With provision for your entire daily recommended value of every nutrient, it’s certainly superior to the diet of most Brown students. And at only $3 for each surprisingly satisfying vegan-friendly meal, Soylent is easy on the wallet as well as the environment. Perhaps most importantly, the high fiber content ensures your stools remain solid.
But since its inception, significant controversy has surrounded Soylent. Stella Metsovas, a popular nutritionist and advocate of her own paleo-mediterranean diet, told Business Insider in March 2013 that “our culture has become so fixated on all things food; it’s no surprise (Rhinehart) is generating so much response. … I probably wouldn’t respond to any of this rubbish. However, I see a red flag for a potential eating disorder.”
A similarly contemptuous pediatrician opined in the Daily Beast last May, “For all you people who have something better to do than eating, you probably won’t kill yourself living off of Soylent. … But it’s no more the end of food than Nutren was. … Which is good, because food is delicious.”
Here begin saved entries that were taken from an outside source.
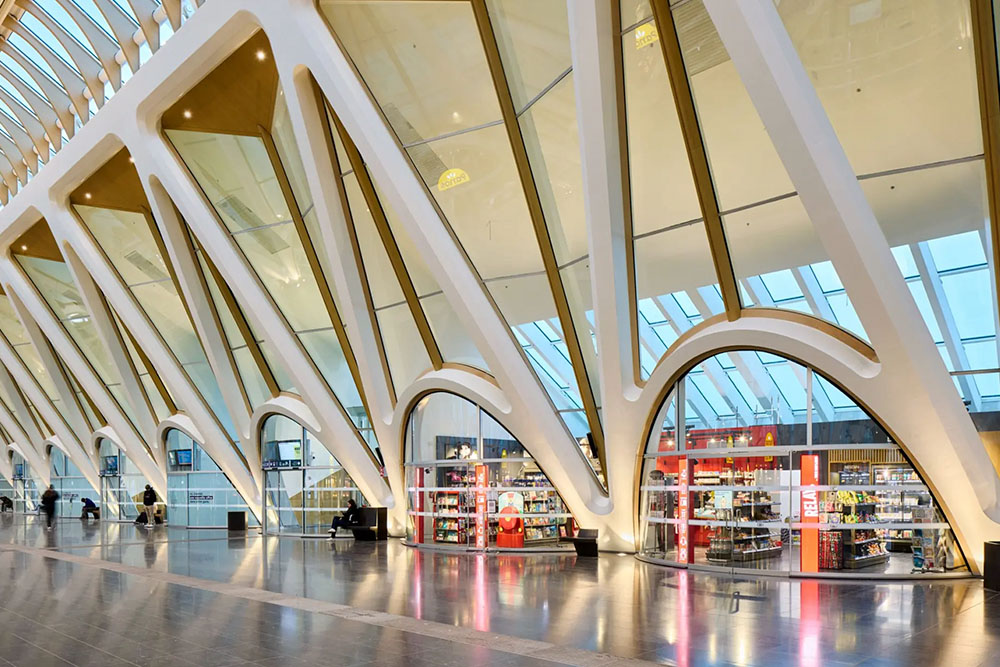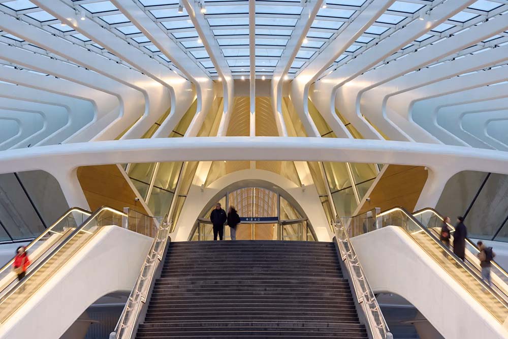 Vanaf het perron neem je dan de (rol)trap of lift naar boven om in het stationsgebouw te komen. Direct moesten we denken aan de Oculus in New York City, misschien wel het bekendste ontwerp van Calatrava. De skeletachtige structuur en de prachtige lichtinval geven je het gevoel dat je op een bijzondere plek bent. Futuristisch en buitenaards zijn een paar van de associaties die bij je opkomen. Ook het gevoel dat je door de ribbenkast van een reusachtige skelet loopt, komt bovendrijven. De winkels en koffiezaken achter een façade van fraai golvend glas doen je beseffen dat je gewoon in een Belgische stad bent aangekomen. Een grappig tegenstrijdig gevoel.
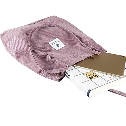 Eflying Lion Borsa a tracolla in velluto a coste, shopping bag, borse casual retrò, borsa da donna, borsa a spalla da donna (light purple)
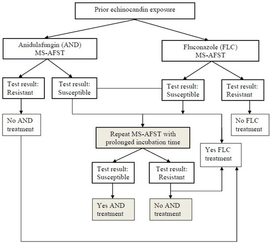 Concerning Candida, antifungal susceptibility is predictable if the infecting organism is identified to the species level, but individual isolates may not follow this course, thus requiring antifungal testing [9]. Importantly, the Infectious Diseases Society of America (IDSA) guidelines for the management of candidiasis recommend routinely performing AFST for C. glabrata against azoles and echinocandins [5]. The same guidelines mention that routine testing for Candida species other than C. glabrata has less value [5]. Nevertheless, we agree with the opinion by Ostrosky-Zeichner and Andes [9] that routinely testing antifungal susceptibility of all bloodstream and sterile site isolates of Candida species may be helpful to provide an index for susceptibility trends and the emergence of resistance locally and regionally. However, in a resource-restricted environment, AFST should focus on isolates from cases of treatment failure, breakthrough infection, or limited therapeutic options, which are consequences of underlying comorbidities, adverse events, or previous antifungal use [9]. Consistent with this, in a scenario of prior echinocandin exposure, Vella et al. [69] proposed that rapid detection of C. glabrata isolates as fluconazole-resistant by the MS-AFST assay could alert clinicians to the potential presence of anidulafungin resistance in these isolates (Figure 1). Despite representing a personal view of the utility of this approach (and not a recommendation), Figure 1 underlines that using anidulafungin as a surrogate marker would lead to a scenario in which, if no resistance is detected, either of the three echinocandins (not only anidulafungin) could be administered.

I find it telling how openly judgmental of Soylent users these writers and many other reviewers are. The criticisms of Soylent that I’ve read frequently resort to vitriolic ad hominem attacks and rarely cite any specific nutritional concerns beyond those solved in early beta testing. In many cases, even anti-vaxxers — whose health claims have been conclusively falsified — garner more respect.
Society has more patience for the clueless parent of an endangered child than for individuals who take such an unconventionally aggressive stance on self-improvement. We prefer superstition to ambition — ignorance of empirical science to arrogance of flaunting cultural norms. It’s uncool to say one’s too good for something as ubiquitously loved as food.
But such defensive hostility is misinformed. Soylent does not preclude one from eating normal food — I did in fact venture to the Ratty in search of free food despite Juno’s wrath. Rather, it provides the option of saving both time and money when — and only when — one wishes to.
The fact that many enjoy eating, socializing while eating and even preparing and cooking to eat is not an argument against the utility of Soylent. The product is not designed to supplant any of your favorite foods, friends or activities. It is designed to improve your day-to-day existence. As Rhinehart explained to Colbert, “people can fit it in their lifestyle however they see fit.” And so you should. Unless you’re a wealthy food snob who’s never busy, Soylent can probably benefit you in some way.
Yet ironically, it seems to me that many — including most Brown students to whom I’ve spoken — feel too good for Soylent. They enjoy complaining about unhealthful diets and not having enough money and leisure time, yet they offhandedly dismiss a simple solution to all of these problems. It’s too easy to default into habit. If your palate is truly so refined that these problems are not worth solving, then rejection of Soylent will be a matter of intellectual reflection, not visceral distaste. You can never be too proactive in improving the quality of your life.